I am new here, I just start with one of the things I wanna do here. I am hoping to get some feedback, maybe someone experienced similar things and could give me tips what to do.

I am 36 years old and a professional dancer. Sexually I consider myself like a complete beginner. I had my first sex with 23 and my first orgasm with a clitoral vibrator around 30.

I am highly interested in anything sexual, however often I find myself not wanting it which is strange. I can get off touching myself but nothing too crazy, I go soft and when I wanna climax I use my womanizer and then I come within seconds. It is difficult for me to come without it, sometimes I cum with just rubbing my clit very fast.

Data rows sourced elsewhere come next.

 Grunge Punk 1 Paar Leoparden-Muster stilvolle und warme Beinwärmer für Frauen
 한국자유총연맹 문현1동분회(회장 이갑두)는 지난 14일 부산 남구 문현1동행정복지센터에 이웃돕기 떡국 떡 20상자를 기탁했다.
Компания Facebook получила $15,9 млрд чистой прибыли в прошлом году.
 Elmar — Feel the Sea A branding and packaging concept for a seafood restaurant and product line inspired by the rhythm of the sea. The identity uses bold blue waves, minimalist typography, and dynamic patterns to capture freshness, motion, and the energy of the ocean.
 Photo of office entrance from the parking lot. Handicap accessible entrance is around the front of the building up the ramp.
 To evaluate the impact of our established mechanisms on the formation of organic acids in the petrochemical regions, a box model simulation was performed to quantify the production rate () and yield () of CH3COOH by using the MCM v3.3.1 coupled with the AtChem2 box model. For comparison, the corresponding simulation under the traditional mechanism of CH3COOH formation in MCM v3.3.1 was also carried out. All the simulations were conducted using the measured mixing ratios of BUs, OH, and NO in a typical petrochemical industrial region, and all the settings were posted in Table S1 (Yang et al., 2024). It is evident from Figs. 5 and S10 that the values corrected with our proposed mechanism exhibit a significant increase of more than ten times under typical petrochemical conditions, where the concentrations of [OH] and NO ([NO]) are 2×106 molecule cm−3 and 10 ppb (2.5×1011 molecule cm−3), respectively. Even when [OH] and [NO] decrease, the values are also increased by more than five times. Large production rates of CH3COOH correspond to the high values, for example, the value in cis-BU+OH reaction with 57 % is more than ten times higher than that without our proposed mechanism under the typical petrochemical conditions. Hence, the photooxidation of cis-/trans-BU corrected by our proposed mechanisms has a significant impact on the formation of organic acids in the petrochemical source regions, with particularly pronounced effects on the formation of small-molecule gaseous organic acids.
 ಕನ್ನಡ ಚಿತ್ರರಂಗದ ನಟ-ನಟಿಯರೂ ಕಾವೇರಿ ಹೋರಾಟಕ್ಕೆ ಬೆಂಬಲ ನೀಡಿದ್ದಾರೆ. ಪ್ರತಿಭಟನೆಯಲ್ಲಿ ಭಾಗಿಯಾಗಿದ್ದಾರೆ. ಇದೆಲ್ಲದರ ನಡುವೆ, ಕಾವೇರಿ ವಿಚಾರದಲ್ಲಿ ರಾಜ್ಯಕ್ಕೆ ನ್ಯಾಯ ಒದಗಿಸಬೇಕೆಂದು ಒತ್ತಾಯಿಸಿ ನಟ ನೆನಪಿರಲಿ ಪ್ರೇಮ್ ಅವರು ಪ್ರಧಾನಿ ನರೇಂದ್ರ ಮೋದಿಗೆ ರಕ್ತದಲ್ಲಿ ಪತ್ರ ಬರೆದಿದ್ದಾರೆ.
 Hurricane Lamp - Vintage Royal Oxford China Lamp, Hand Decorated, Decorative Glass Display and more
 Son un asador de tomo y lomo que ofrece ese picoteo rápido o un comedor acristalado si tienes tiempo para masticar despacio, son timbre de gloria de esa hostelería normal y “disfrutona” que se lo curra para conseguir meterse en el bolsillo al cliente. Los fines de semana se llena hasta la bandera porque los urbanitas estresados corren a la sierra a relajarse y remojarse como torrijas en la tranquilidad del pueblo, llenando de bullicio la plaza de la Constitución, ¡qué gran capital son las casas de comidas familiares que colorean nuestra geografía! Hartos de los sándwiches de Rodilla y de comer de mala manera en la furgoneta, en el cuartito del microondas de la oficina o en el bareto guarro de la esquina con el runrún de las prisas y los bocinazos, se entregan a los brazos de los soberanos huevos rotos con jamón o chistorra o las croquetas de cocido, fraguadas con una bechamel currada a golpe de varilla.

I am dissatisfied with these kinds of orgasms though, as I feel there are more intense layers lying behind them but I don`t know how to access them because after this first climax, I loose all desire to continue and clit is too sensitive.

I feel when I just pleasure myself inside vagina that I barely feel anything, at least nothing sexual, maybe just that desire for more and that makes me compulsively reach to my vibrator.

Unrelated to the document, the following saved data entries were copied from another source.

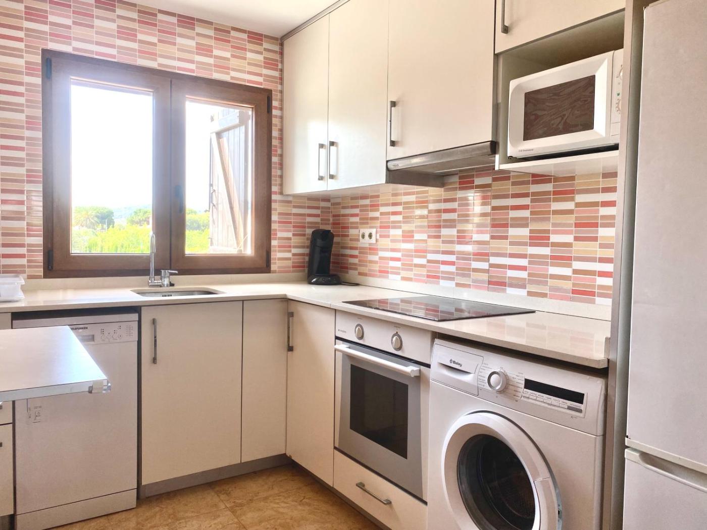 Two-Bedroom Apartment. This spacious apartment is comprised of 1 living room, 2 separate bedrooms and 1 bathroom with a walk-in shower and free toiletries. Meals can be prepared in the kitchen, which is fitted with a stovetop, a refrigerator, a dishwasher and kitchenware. Featuring a terrace with garden views, this apartment also offers a washing machine and a flat-screen TV. The unit offers 4 beds.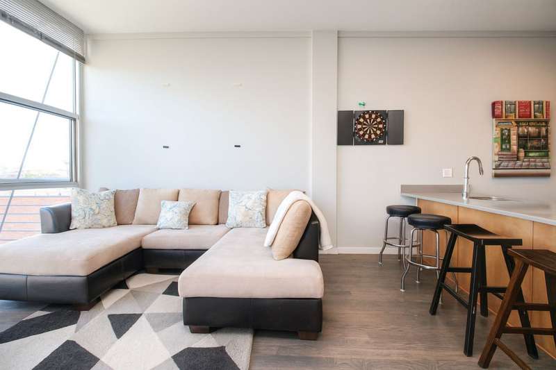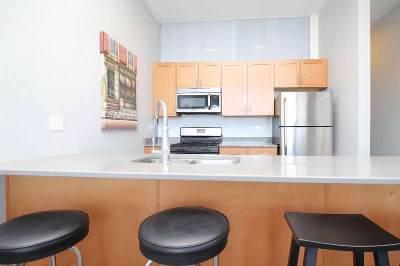 Top floor condo quality unit available in West DePaul's sleek luxury rental development. Elevator building with unit featuring floor to ceiling windows, 10' ceilings, stainless steel appliances, Quartz counters, hardwood floors, central A/C, en-suite primary bedroom, 14x6 private balcony with great views and massive front load Washer/Dryer in unit. Building has a great fitness center and common roof deck. Close to shops, restaurants, parks, nightlife & public transportation. Heated Garage Parking available for additional $200/month. Utility BURPS Fee: 2BD: $130/month (1 GBPS internet, gas, water, trash, recycling)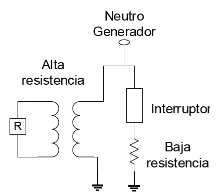 Estos tipos de puesta a tierra se conocen como de alta impedancia y su principal función es disminuir la magnitud de la corriente, de cortocircuito a tierra, a valores seguros para el devanado del inducido. Sin embargo, son las que tienen mayor riesgo de sobretensiones temporales y transitorias [1] y [3].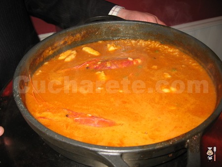 Bajel pirata que llaman a aquel buque que podría guardar, como secreto en su interior, a la mismísima Guardia Real o a incluso múltiples soldados dedicados a la persecución del contrabando. Sí, efectivamente me refiero al protagonista que da nombre al Arroz con carabinero y rape. Una enorme cazuela de metal cuyo gusto viene potenciado por sus dos ingredientes principales. En su punto de expresión adecuado. Debe tenerse en cuenta que se elabora para un mínimo de 2 personas. Nosotros vamos a compartirlo y debo reconocer que realmente nos encanta.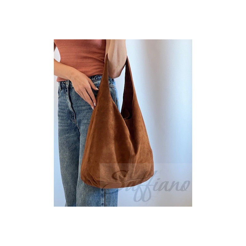 Женская сумка (торба) через плечо из натуральной замшевой кожи Сделана в Италии. Внутри сумки есть одно отделение с кошельком на цепочке. Кошелек застегивается на молнию. Сумка застегивается на застежку-магнит. Без тканевой подкладки. Цвета: красный, синий, серый, черный, песочный и рыжий. Ширина - 35см, высота с ручкой - 60см, толщина - 17 см. Вес - 0,5 кг.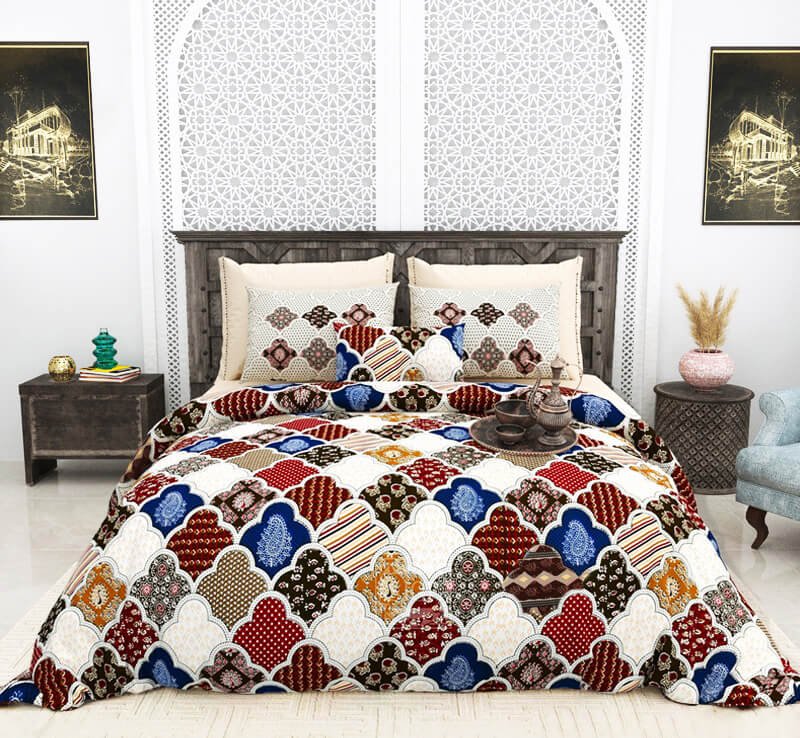 Specification: Exquisite design in brown, white and maroon premium cotton double bedsheet with two pillow covers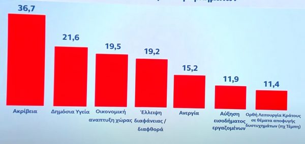 Οι πολίτες που συμμετείχαν στην έρευνα της MRB, λοιπόν, δήλωσαν πως τα πιο σημαντικά προβλήματα που αντιμετωπίζουν είναι η ακρίβεια (36,7%), η δημόσια υγεία (21,6%) – ένας πολύ κρίσιμος τομέας, που δεν αναδεικνύεται ιδιαίτερα στις δημοσκοπήσεις – η οικονομική ανάπτυξη της χώρας (19,5%), η έλλειψη διαφάνειας και η διαφθορά (19,2%), η ανεργία (15,2%), η αύξηση εισοδήματος των εργαζομένων (11,9%) και η ορθή λειτουργία του κράτους σε θέματα αποφυγής δυστυχημάτων, όπως τα Τέμπη (11,4%).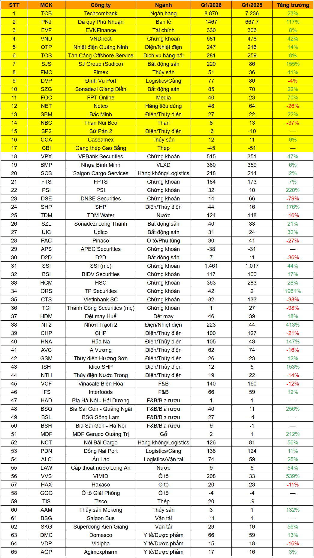 Trong khi đó, CTCP Vàng bạc Đá quý Phú Nhuận (PNJ) công bố doanh thu thuần quý I/2026 đạt 17.245 tỷ đồng, tăng 79% so với cùng kỳ. Lợi nhuận sau thuế đạt 1.467 tỷ đồng, cao hơn gấp đôi so với cùng kỳ năm trước, qua đó hoàn thành khoảng 43% kế hoạch lợi nhuận năm.

I`m in a relationship with a lovely man, however I am interested in women too, often I ask myself if my lack of turn on comes from dating on the wrong side, idk.

I don`t know if I just need to practice more as I never masturbated in my teens or twenties, only started when womanizers came on the market and then I had an aha moment, at first I did not even recognized that I just orgasmed, I just felt that clit was all of a sudden to sensitive.

Please don`t judge me, I know this can come across as someone that is completely weird, but I am just trying to find my way around my sexuality and why it was dormant for so long.
 
My wife has struggled with clitoral sensitivity, her whole life. We have learned to alternate between nipple, penetrative, and gentle stimulation to hold off on orgasm. Her problem is that she has found if she delays it too long she cannot achieve orgasm. So there’s a delicate balance. I don’t have any real suggestions, but I hope you can find something that will help you be successful.
 
As was said above , if clit is too sensitive, focus on other areas, especially with an understanding partner, and can they make it wet and horny with nipple play. One of my favorites is fingering her g spot while tonguing her anus, if that doesn't get you there, you can finish with your clit... have fun, don't stress!
 
I may recommend a great education site- omgyes.com.
I'm not related to that site in any way, it's a paid site (one time purchase), very user friendly, tons of useful practical information.
 
If my wifes first O which is usually brought on by oral/finger combo or a vibrator, she's not ready for more clitoral stim. She gets over-stimed.
At that point she loves penetrative attention.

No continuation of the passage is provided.